- **WHAT NEEDS TO BE DONE**: The answer must be a word-for-word copy of the records below, with every picture left out.

- **INPUT**:

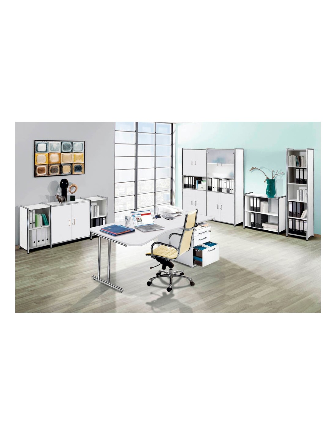 Son cadre en bois robuste garantit durabilité et solidité. Sa surface en mélamine est résistante aux rayures et facile à nettoyer – idéale pour un usage quotidien au bureau.
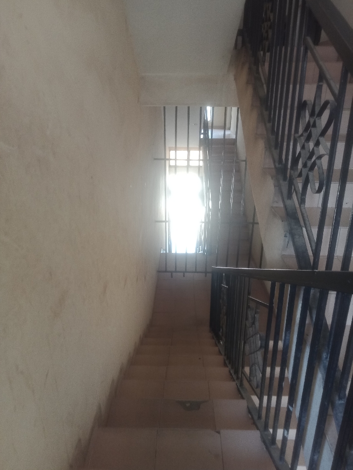 This image displays an interior stairwell within a building in the city of Gandu Albasa, Nigeria, viewed from an elevated perspective looking downwards
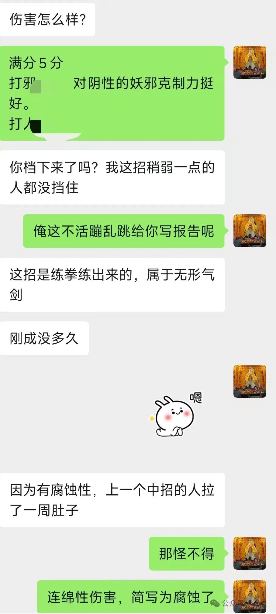 昨天陪练时为了让大伙儿们尽量逼近实战,让老铁打之前务必心想“屏幕对面是个无恶不作+骗了我钱的老邪师,今天一定要咔嚓了他”。相比平静的心情,如此打出去威力高很多,总之放武法时一定要有怒气。
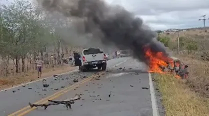 Carro pega fogo após colisão frontal na BA-046 entre Itaberaba e Iaçu
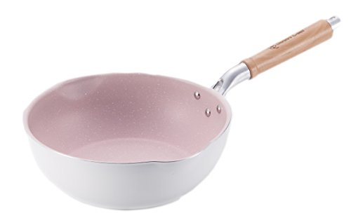 -. Title : 軽量型深型フライパン24cm 木製ハンドル Snow White × Misty Pink SWL-PM24DF

- **REPLY TO THE TASK**:
 Son cadre en bois robuste garantit durabilité et solidité. Sa surface en mélamine est résistante aux rayures et facile à nettoyer – idéale pour un usage quotidien au bureau.
 This image displays an interior stairwell within a building in the city of Gandu Albasa, Nigeria, viewed from an elevated perspective looking downwards
 昨天陪练时为了让大伙儿们尽量逼近实战,让老铁打之前务必心想“屏幕对面是个无恶不作+骗了我钱的老邪师,今天一定要咔嚓了他”。相比平静的心情,如此打出去威力高很多,总之放武法时一定要有怒气。
 Carro pega fogo após colisão frontal na BA-046 entre Itaberaba e Iaçu
 -. Title : 軽量型深型フライパン24cm 木製ハンドル Snow White × Misty Pink SWL-PM24DF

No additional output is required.